Any field Lemmy omits for a given post comes back null rather than being dropped.

Input

Field	Notes
`instance`	Lemmy instance host (bare domain). Default `lemmy.world`.
`mode`	`feed`, `community`, or `search`. Default `feed`.
`query`	Community name (community mode) or search term (search mode).
`sort`	`Hot`, `Active`, `New`, `TopDay`, `TopWeek`, `TopMonth`, `TopAll`. Default `Hot`.
`maxItems`	Max posts to return (paginated 50 at a time). Default 100.

Output

One dataset row per post, deduped by post id. Pricing is pay-per-result: you are only charged for genuine post rows (ok: true). Rows we couldn't deliver are never charged:

invalid input — a single ok: false diagnostic row with errorCode: "BAD_INPUT" (bad instance, bad mode, or a missing community name / search term),
no posts for this feed/community/search (NO_RESULTS),
a missing community or non-Lemmy host (NOT_FOUND),
rate limits or network errors (RATE_LIMITED / NETWORK).

Proxy

The Lemmy v3 REST API is public and has no anti-bot, so no proxy is required and the default runs without one (saving proxy credits). Only enable Apify Proxy if an instance rate-limits your IP at very high volume.

Troubleshooting

NOT_FOUND in community mode?
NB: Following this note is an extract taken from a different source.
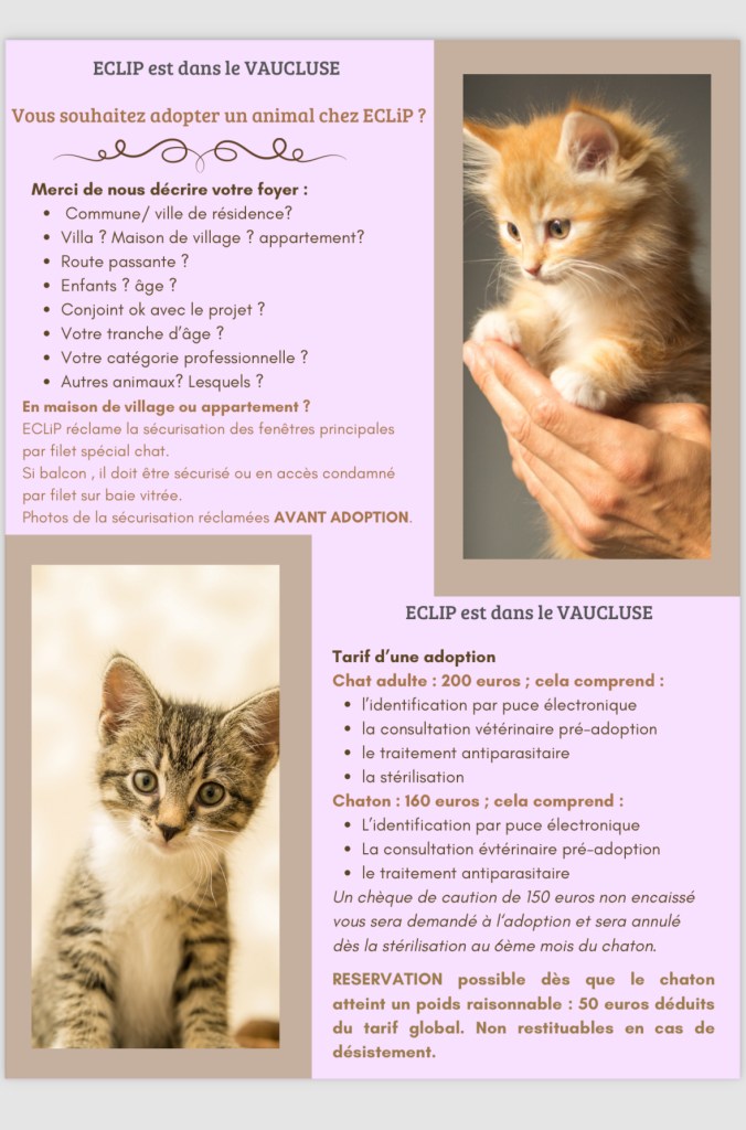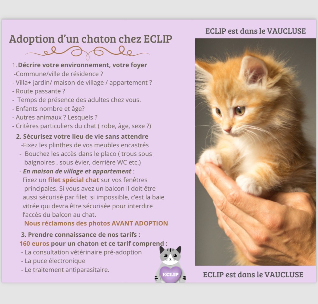 - Donner des nouvelles à l’association sur l’adaptation du chaton dans les. premières semaines de son arrivée chez vous.

Check the community name. If it lives on another instance, use the cross-instance form name@otherinstance.tld, or set instance to that instance directly.
NO_RESULTS? The feed/community/search genuinely returned nothing on this instance — try a different sort, a broader search term, or a larger instance.
BAD_INPUT? community and search modes both require query. instance must be a bare Lemmy domain like lemmy.world.

Example

{ "instance": "lemmy.world", "mode": "community", "query": "technology", "sort": "Hot", "maxItems": 50 }

Notes

Lemmy is federated: a large instance like lemmy.world also relays content from communities hosted elsewhere. The postUrl permalink points to the instance you scraped; authorActor and the community's federated identity tell you where the content originates.